Source material —
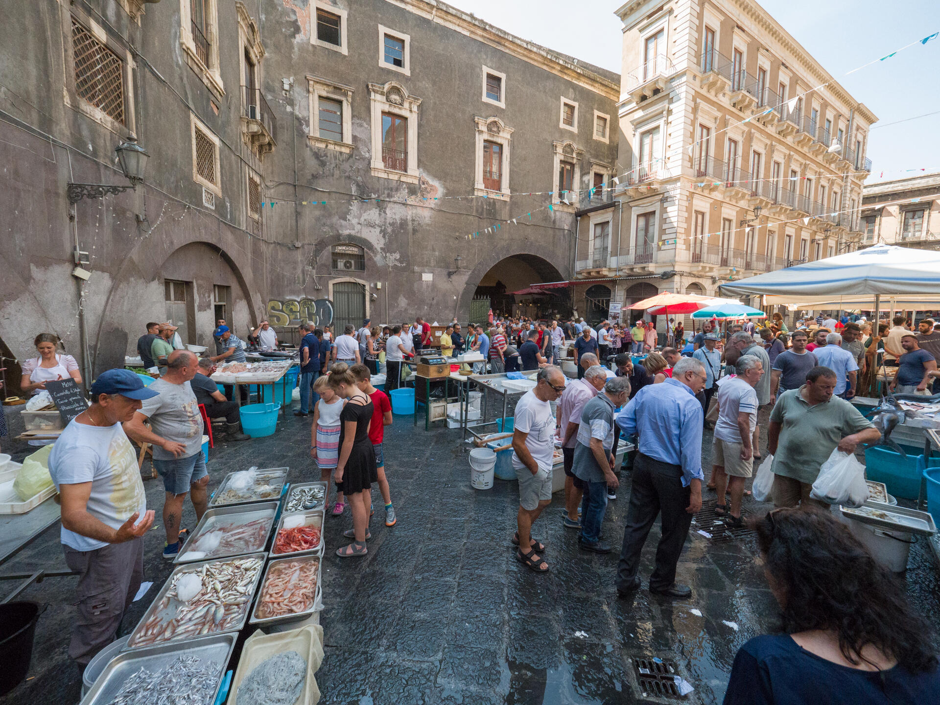 Vi troneggiano interi pesci spada, cernie scure, orate e saraghi, cozze e vongole, polpi ed altri crostacei. Abbonda anche il pesce azzurro, tra sardine, sgombri, lunghi pesci spatola e caponi color argento. E gamberi di tutti i tipi, da quelli grandi e rossi di Mazara del Vallo a quelli più piccoli, spesso già puliti e sgusciati. Nel centro storico di Caltanissetta, scopriamo il fascino senza tempo di via Consultore Benintende: colorata e profumata questa via ospita, dalla fine del XVIII secolo, lo storico Mercato Strata ‘a foglia.
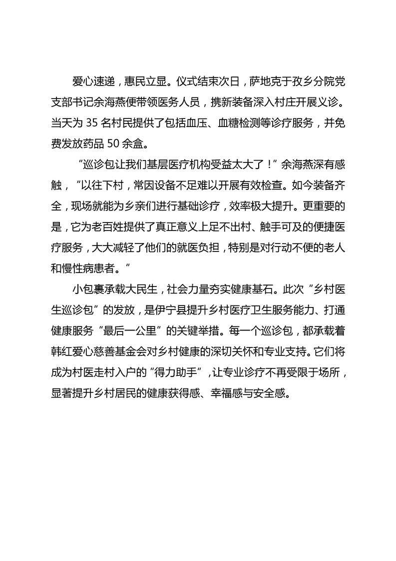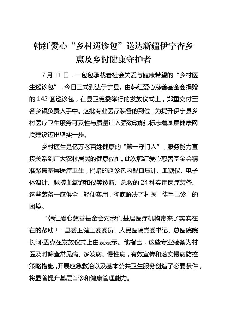 韩红爱心“乡村巡诊包”送达新疆伊宁杏乡惠及乡村健康守护者
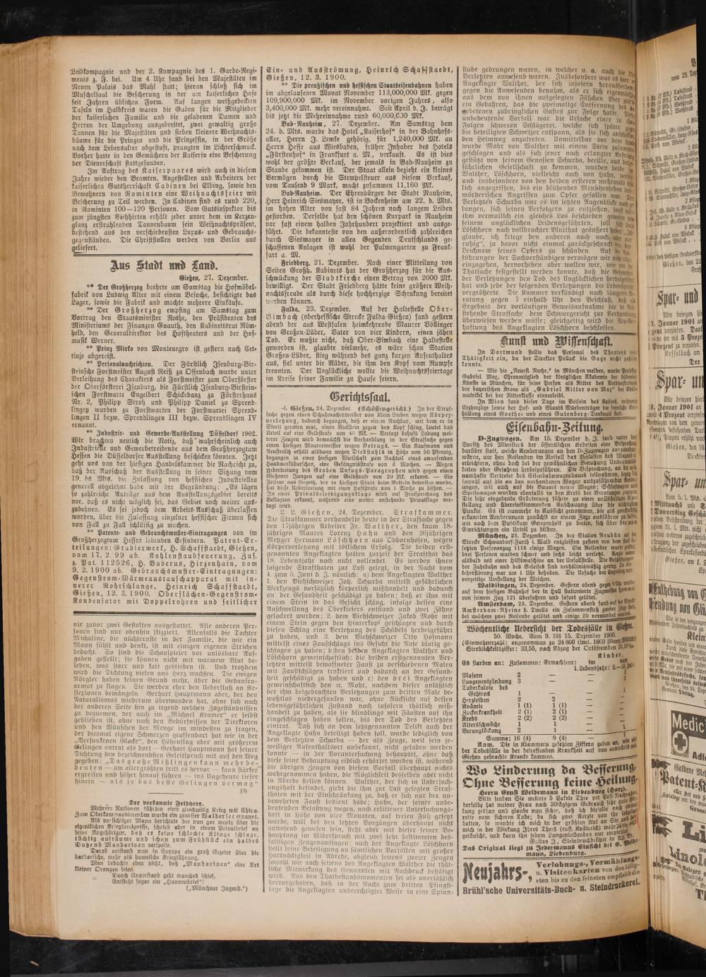 Friedberg, 21. Dezember. Nach einer Mitteilung von Seiten Großh. Kabinets hat der Großherzog für die Ausschmückung der Stadtkirche einen Betrag von 2000 Mk. bewilligt. Der Stadt Friedberg hätte keine größere Weihnachtsfreude als durch diese hochherzige Schenkung bereitet werden können.
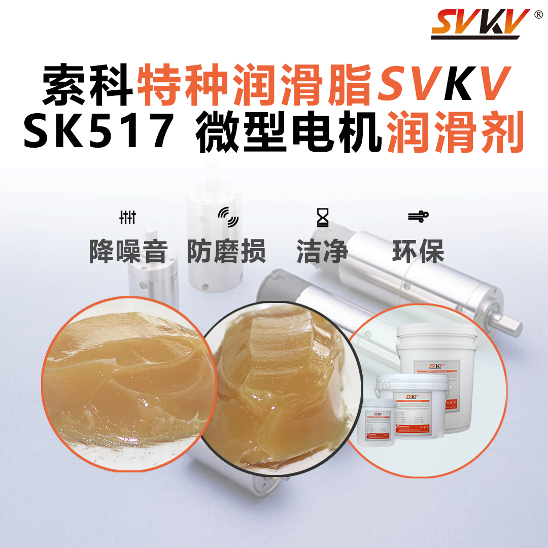 推薦索科SVKV SK517系列微型電機潤滑脂。減少電機中齒輪磨損,降低噪音,達到長壽命和防水的效果。適用中低轉速的齒輪、軸承,塑膠/塑膠、金屬/塑膠的潤滑、消音、降電流等效果。

Task prompt —
The entire listing above, word for word and without pictures, is what should be output.

Reply —
 Vi troneggiano interi pesci spada, cernie scure, orate e saraghi, cozze e vongole, polpi ed altri crostacei. Abbonda anche il pesce azzurro, tra sardine, sgombri, lunghi pesci spatola e caponi color argento. E gamberi di tutti i tipi, da quelli grandi e rossi di Mazara del Vallo a quelli più piccoli, spesso già puliti e sgusciati. Nel centro storico di Caltanissetta, scopriamo il fascino senza tempo di via Consultore Benintende: colorata e profumata questa via ospita, dalla fine del XVIII secolo, lo storico Mercato Strata ‘a foglia.
 韩红爱心“乡村巡诊包”送达新疆伊宁杏乡惠及乡村健康守护者
 Friedberg, 21. Dezember. Nach einer Mitteilung von Seiten Großh. Kabinets hat der Großherzog für die Ausschmückung der Stadtkirche einen Betrag von 2000 Mk. bewilligt. Der Stadt Friedberg hätte keine größere Weihnachtsfreude als durch diese hochherzige Schenkung bereitet werden können.
 推薦索科SVKV SK517系列微型電機潤滑脂。減少電機中齒輪磨損,降低噪音,達到長壽命和防水的效果。適用中低轉速的齒輪、軸承,塑膠/塑膠、金屬/塑膠的潤滑、消音、降電流等效果。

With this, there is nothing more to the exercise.